In free software some fashions never change, and some are particularly hard to overcome. Today I’ll talk about the “Tracker makes $ANYTHING slow” adage, lately gnome-music being on the spotlight here. I’m glad that I could personally clear this up to some individuals on the hackfests/conferences I’ve been around lately.
But convincing is a never ending labor, there’s still confused people around the internets, and disdainful looks don’t work as well over there. The next best thing I could do is fixing things myself to make Tracker look less like the bad guy. So, from the “can’t someone else do it” department, here’s some commits to improve the situation. The astute reader might notice that there is nothing about tracker in these changes.
There’s of course more to it, AFAICT other minor performance hits are caused by:
- grilo emitting one signal per media item found, which is somewhat bad on huge lists
- icon view performance generally sucking, which makes scrolling not as smooth in the Albums view while covers are loading
- After all that, well sure, Tracker queries can be marginally optimized.
This will eventually hit master and packages, until then, do me a favor an point to this post anyone still saying how Tracker made gnome-music slow.
Developer experience hackfest
Kind of on topic with this, I attended a few weeks ago to the Developer experience hackfest. Besides trying to peg round pieces into square holes, after some talking with how much of a steep barrier was Sparql as a prerequisite for accessing Tracker data, I started there on a simpler query API that abstracted all of these gritty details. Code is just shaping up there, but I expect it to cover the most common usecases. I must thank Red Hat and Collabora for enabling me to go there, all the people there, and particularly Philip for being such a great host.
Oh, and also attended Fosdem and Devconf, even talked on the last one about the input plans going on in GNOME, busy days!
I also think iconview is slow because grilo works with signals and this make impossible to have a threaded loading view as all the code run in the mainloop… I may be wrong here 🙂
BTW, l don’t blame tracker, it’s really fast!
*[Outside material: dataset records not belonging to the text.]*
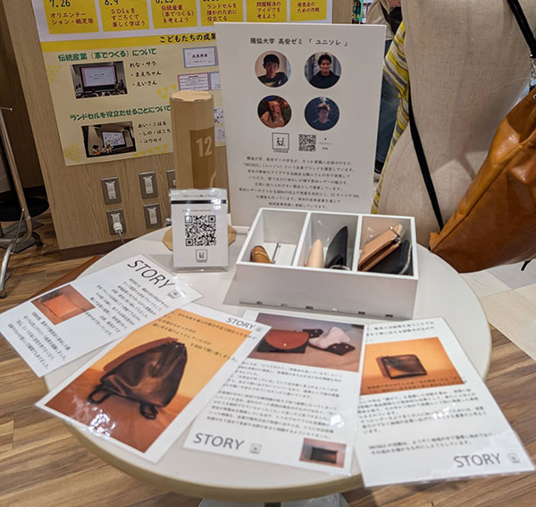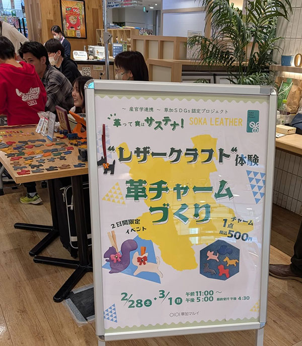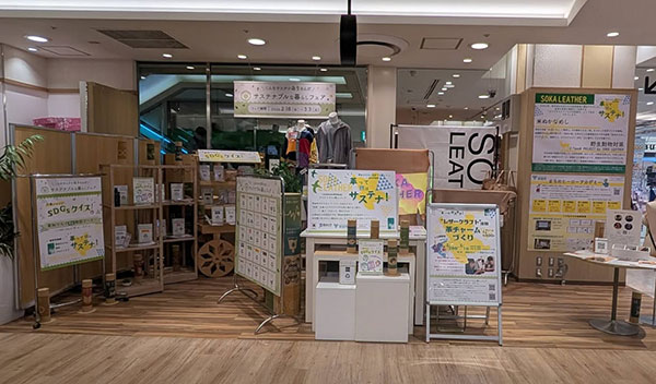 マルイ1階で、皮革をテーマに「サステナブルな暮らしフェア〜こんなサステナブルありなんだ〜」を草加市、草加マルイ、そうか革職人会、獨協大学高安ゼミと連携し開催。
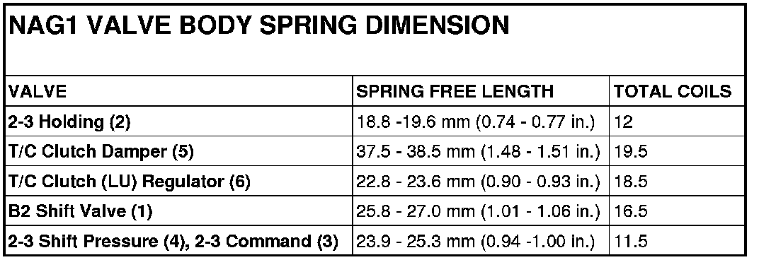 2. Lubricate and install the B-2 Shift Valve assembly (1), 2-3 Holding Pressure Valve assembly (2), 2-3 Command Valve assembly (3), 2-3 Shift Pressure Shift Valve assembly (4), TCC Damper Valve (5) if equipped and the T/CC Lock-Up Regulator Valve assembly (6) into the valve body.
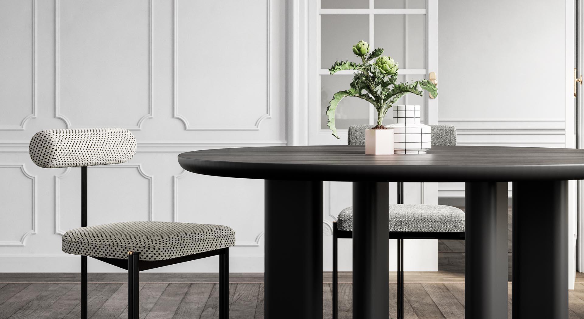Stolička Caillou s čiernymi bodkami je elegantné a pohodlné sedenie, ktoré sa vyznačuje nízkym a širokým operadlom. Táto jedinečná silueta nie je len rozpoznateľná, ale tiež zvyšuje komfort používania, vytvárajúc oporu, ktorá dokonale podopiera a obklopuje telo.
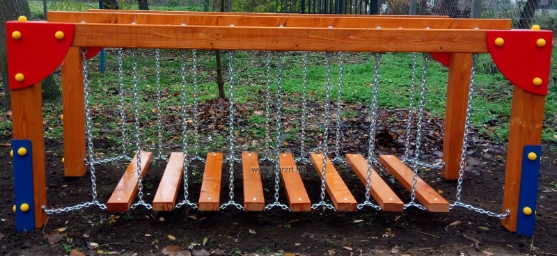 A lánccal összefűzott fagerendák mozognak, ahogy a gyerekek átmennek rajta! Szükség lehet kapaszkodásra is!
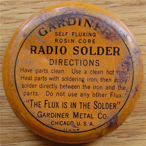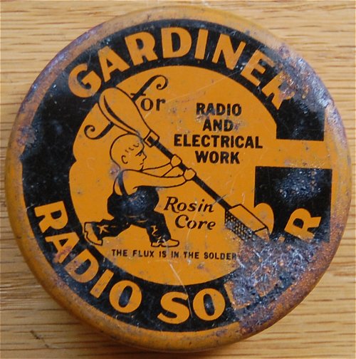This Gardiner Radio Solder Tin appears to be from the 1920s. Note the pre electric soldering iron pictured on the top.
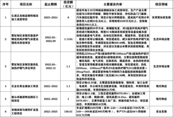 此外,從《通知》中獲悉,首都經濟圈重要支點建設“十四五”重點項目清單也予以公布,其中涉及到京津冀協同發展、新型城鎮化、社會治理、安全發展、文旅體育、基礎設施、民生、現代物流、生態環境治理等9個項目領域的130個重點項目。其中涉及到鋼鐵行業相關的6個,詳情如下:

But, GRILO is doing too many requests to get all informations needed by gnome-music… I think it’s the main problem… On my computer (XPS 13), loading my collection (main icon view) take more than 30 minutes with my computer going crazy…
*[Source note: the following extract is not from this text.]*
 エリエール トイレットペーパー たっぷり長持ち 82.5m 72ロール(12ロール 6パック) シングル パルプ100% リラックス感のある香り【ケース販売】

I still can see a lot of disk trashing on Tracker’s behalf (80% from tracker-store, but also tracker-miner-fs), on a BTRFS filesystem. I tried marking the ~/.cache/tracker folder with lsattr +C to disable COW, but still it is unacceptably slow due to tons of I/O. Especially when having some terabytes of music and videos around.
While I agree that most of the performance issues in GNOME Music (and let’s not forget GNOME Photos) are on their client side, I can also see a general slowdown at each login, due to blocking I/O. Sometimes the PC freezes for seconds. Is it maybe sqlite3 + btrfs to blame? Either way, I have a last-generation PC, and it’s slowed down to a crawl. Given that btrfs is slowly gaining traction, maybe Tracker should take it in account? Is it possible to set up a postgresql backend for tracker, just to check if the problem lies on the sqlite3 side of things? Is there a preferred way to profile tracker?
I actually tried several times to get hold of someone hacking on Tracker at the GNOME booth at FOSDEM, but evidently I was out of luck :-(.
@Cédric Bellegarde: making that fully async might help indeed, it is mainly model insertions/modifications what’s somewhat hindering here. GtkTreeView used to fix this for large models with fixed-height rows and whatnot, whereas we do know the item width/height in iconview, it could certainly be smarter here.
@Matteo: It is true that probably nobody payed attention to Tracker on btrfs, and behavior there should be checked. Initial indexing of data is going to take cpu and I/O nonetheless.
After initial indexing has finished, Tracker still has the task to check for
changes on session restarts, and to reinstaurate file monitors so changes can be followed. This indeed means that 1) mtimes are compared with the db’s all across and 2) inotify monitors are added on each directory Tracker steps in.
This would explain for the I/O you experience on these 2 processes on startup. TBH, for your volume of data I can only suggest to check Tracker configuration options, you can eg. make crawling scheduled to happen every X days, and/or avoid monitoring directories. This would make Tracker no longer “real-time” for you, but you may prefer this to facing slowness on startup.
Ideally, to avoid recursively descending on startup, there should be some kind of logged file notification mechanism, so that Tracker could just know what changed last on startup, and keep getting notifications for the whole tree from there. There’s nothing similar yet on Linux.
So, until something like this can be done above the kernel, tracker won’t be “one size fits all” (specially as for TB of data), and you’ll be recommended about tweaking config options, sorry…
@carlosg: would something like “btrfs subvolume find-new ” give the information needed?
Initial indexing is really not an issue. I am more concerned about the little freezes upon log-in. Maybe there is a way to make tracker a bit less aggressive when it comes to I/O?
I also wonder whether tracker hits the maximum FD limit for inotify watches, if it watches everything recursively. Even checking out a git copy of the linux kernel in a watched directory (such as “Documents”) might alone add hundreds of watches. Since I have several big checkouts… can that be an issue?
@Matteo: oh nice, it certainly looks like something that could help on btrfs /home partitions,
However, in order to avoid descending recursively through the tree on startup, we also should be able to monitor for changes without recursive watches. inotify is the best we got nowadays, but certainly wasn’t thought out for this, as you can also see from the performance hit.
So if you want to avoid recursive checks at this time, I can just recommend you to check the /org/freedesktop/tracker/miner/files/crawling-interval and enable-monitors settings.
As for exhausting inotify watches limit, Tracker makes sure to leave some 500 for other apps, and fail gracefully when it runs out of watches (the not-really-watched directories would just be checked again on next startup).
But as you say, checkouts of large repos on directories that Tracker inspects recursively is a sure way to stress it, could also be prevented with the /org/freedesktop/tracker/miner/files/ignored-directories-with-content setting if you prefer to avoid git repos altogether (I should just add “.git” by default there).
As for me personally, all my code stuff is in ~/Source and ~/Build, these wouldn’t be inspected by Tracker by default. But then there’s people explicitly wanting Tracker as a sort of git grep for their source trees. “one size fits all” is indeed hard on Tracker as you see 🙂